We conducted weakly calibrated relaxed clock analyses (11) to generate rates across the primate phylogeny for the four datasets independently using a relaxed clock technique (10, 11, 50) (SI Text). Using a phylogenetically corrected least-squares method (PGLS) (51), we regressed these molecular rates from phylogenetic tips against the tip values for BS, EV, and REV for each of the four datasets. For the phenotypic variable, the average trait value over the entire tip lineage was used. For example, the BS estimate used for the human lineage was the average of the human BS, the reconstructed BS at the human/Australopithecus ancestor, and the reconstructed BS at the human/Pan ancestor. This was done because the rate estimates are estimated for an entire branch and therefore the same should hold for the phenotypic traits. We restricted the analysis to tips to allow the phenotypic estimates to derive more directly from observable data rather than reconstructions.

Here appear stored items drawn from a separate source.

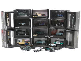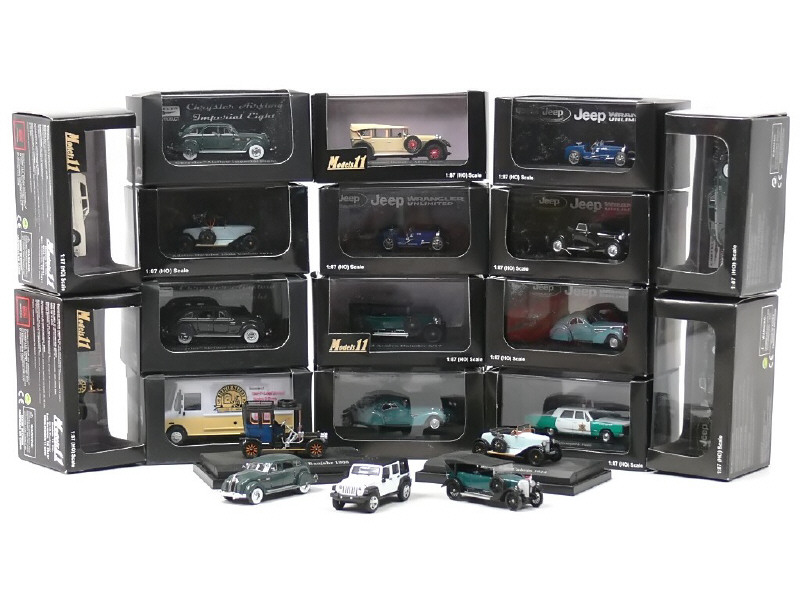 petites échelles - miniatures reproduisant notamment les modèles : CHRYSLER, AUSTRO DAIMLER, PLYMOUTH, JEEP & BUGATTI - 2 modèles de la marque MODELS 11 & 4 autres sans boîte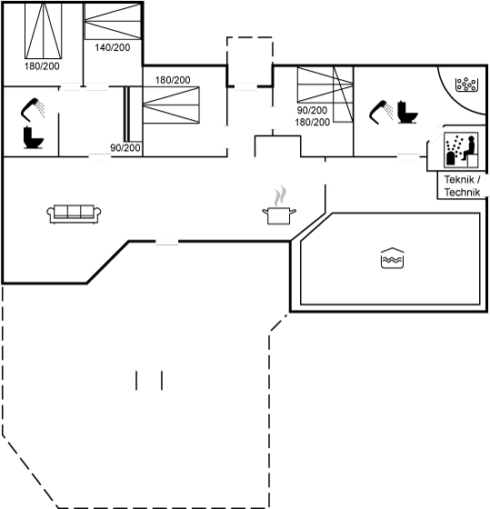 Indenfor byder sommerhuset på et imponerende opholdsrum, der giver plads til hyggelige stunder og samvær med familie og venner. Der er desuden gulvvarme i alle klinkegulv, inklusiv i pool-området.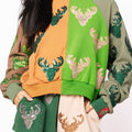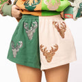 Embrace cozy vibes with these comfy shorts featuring a fun colorblock design and a sparkling sequin deer print. Perfect for lounging or casual days, they add a playful pop to your outfit. Match them with the coordinating sweatshirt for an effortlessly cute and comfy look that’s ready for any chill moment.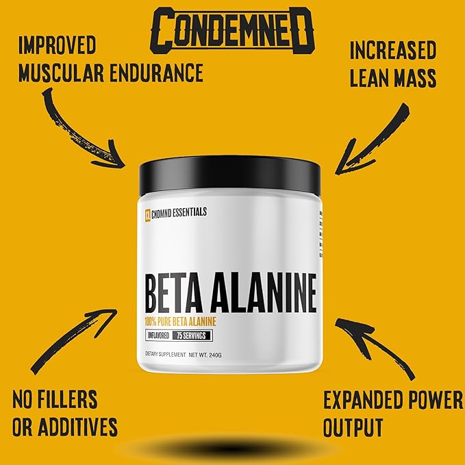 CONDEMNED Labz 100% Pure Beta Alanine Powder | for Muscular Endurance & Recovery | No Fillers or Additives | Gluten Free, Non GMO | 75 Servings (Unflavored)

Furthermore, it was sensible to exclude the deeper phylogenetic lineages from the regressions because it is within the earliest parts of primate phylogeny where the discord between molecular rates and phenotypes is predicted to be most profound. Regressions were conducted in caper (52).

In two cases the regression was significant, but the P values for β were only near significance [Jameson et al. (14) dataset; BS, β P = 0.05154 and EV, β P = 0.05001]. Because of the overall significance of the regression and the closeness of the probability values to the standard α value (0.05), these regression coefficients were used in subsequent analyses.

Correcting Molecular Clock Date Estimates.

Predicting corrected molecular rates.

To predict the molecular clock rates for each lineage, we used the reconstructed trait values from the first step with the regression formula for that trait for each DNA-sequence dataset from the second step. The average trait value for each lineage was used, as in the molecular rate regressions. For example, for the CFTR alignment, the BS regression formula is molecular rate (per 108 y) = −0.0316 × BS + 0.2407. For the Pongo lineage, with a BS value of 4.558, the formula predicts that the molecular rate is 0.0967 changes per 108 y. Corrected rategrams for each trait for each sequence dataset are in SI Appendix.

Estimating corrected molecular dates.

Using these corrected molecular rates, molecular clock estimates (branch lengths in absolute time) were generated for each lineage, for each phenotypic trait. To do this, the maximum-likelihood branch lengths for each DNA-sequence dataset were rescaled by the corrected molecular rates. For each dataset, the maximum-likelihood branch lengths were calculated using baseml (50) under the HKY+Γ5 model (53, 54) (SI Appendix). In the CFTR alignment, for example, the Pongo branch length was 0.0131. Dividing this by the BS corrected molecular rate for Pongo (0.0967 changes per 108 y) yields a branch length of 13.6 Ma. The uncorrected estimate for the Pongo lineage for this dataset was longer (16.9 Ma).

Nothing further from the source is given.